# Get Embeddings

Hi!

In this notebook, I create multiple embedding representations for the phrasal verb data found [here](https://github.com/johnstarr-ling/light-verb-construction-embeddings/tree/main/data).

The kinds of embeddings that I currently use are:
1. pre-trained Word2Vec word embeddings (300d, trained on Google News Corpus)
2. pre-trained Word2Vec word embeddings (300d, trained on Google News Corpus), with phrasal verb as one compositional embedding (mean pooling)
3. pre-trained GLoVe word embeddings (300d, trained on Wikipedia 2014 + Gigaword 5 corpora)
4. pre-trained GLoVe word embeddings (300d, trained on Wikipedia 2014 + Gigaword 5 corpora), with phrasal verb as one compositional embedding (mean pooling)
5. [InferSent](https://github.com/facebookresearch/InferSent) sentence embeddings

Embedding representations that I expect to use in the future include:
1. BERT

__NOTE ON RUNNING THIS NOTEBOOK:__ This notebook requires the following files to be in the same directory for a successful run:
1. [models.py](https://github.com/facebookresearch/InferSent/blob/main/models.py) file from InferSent
2. [a pretrained GLoVe embedding .txt file](https://nlp.stanford.edu/projects/glove/)

## Data Preparation

In [16]:
import numpy as np
import pandas as pd
import torch 

In [17]:
# import stuff
%load_ext autoreload
%autoreload 2
%matplotlib inline

from random import randint

The autoreload extension is already loaded.

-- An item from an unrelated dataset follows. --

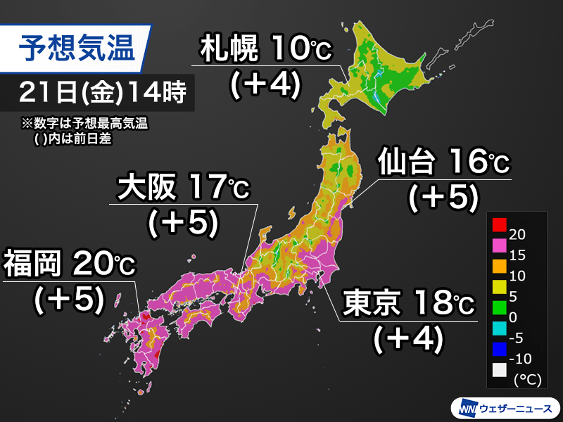 九州には20℃以上の赤色の領域が見られ、福岡市の最高気温は今月2日以来の20℃以上となる予想です。大阪市や東京都心、仙台市なども今日に比べて5℃前後高く、各地で4月並みの暖かさとなります。

To reload it, use:
  %reload_ext autoreload


We'll load in our phrasal verb data:

In [39]:
data = pd.read_csv('data/pvc_data.csv')

In [40]:
data.head()

Unnamed: 0,pvc_lemmas,file_path,row,is_phrasal,annotator_agreement_percentage,verb_idx,sents
0,"['take', 'on']",B/BN/BNN.xml,291,True,1.0,"['12', '13']","['At', 'about', 'the', 'same', 'time', 'the', ..."
1,"['give', 'in']",B/B1/B1E.xml,670,False,0.7051,"['15', '16']","['Production', 'is', 'centred', 'in', 'the', '..."
2,"['take', 'after']",K/K3/K3E.xml,56,False,0.6733,"['21', '22']","['By', 'Echo', 'reporter', 'CORONATION', 'Stre..."
3,"['get', 'out']",C/CK/CK9.xml,1654,True,1.0,"['19', '20']","['Mrs', 'Aggie', ',', 'I', 'do', 'want', 'to',..."
4,"['get', 'through']",G/G2/G2E.xml,2734,True,1.0,"['9', '10']","['He', 'was', 'charged', 'for', 'a', 'call', '..."


In [41]:
# Making sure all our data are in the right form
data['pvc_lemmas'] = data['pvc_lemmas'].apply(eval)
data['row'] = data['row'].apply(int)
data['annotator_agreement_percentage'] = data['annotator_agreement_percentage'].apply(float)
data['verb_idx'] = data['verb_idx'].apply(eval)
data['sents'] = data['sents'].apply(eval)
data['pvc_strings'] = data['pvc_lemmas'].apply(lambda x: ' '.join(x))
data['sent_strings'] = data['sents'].apply(lambda x: ' '.join(x))


## InferSent

Most of the following code is taken from [here](https://github.com/facebookresearch/InferSent/blob/main/demo.ipynb).

In [21]:
import nltk
nltk.download('punkt')

[nltk_data] Downloading package punkt to
[nltk_data]     C:\Users\johns\AppData\Roaming\nltk_data...
[nltk_data]   Package punkt is already up-to-date!


True

In [22]:
# Load model
from model import InferSent
model_version = 1
MODEL_PATH = "infersent%s.pkl" % model_version
params_model = {'bsize': 64, 'word_emb_dim': 300, 'enc_lstm_dim': 2048,
                'pool_type': 'max', 'dpout_model': 0.0, 'version': model_version}
model = InferSent(params_model)
model.load_state_dict(torch.load(MODEL_PATH))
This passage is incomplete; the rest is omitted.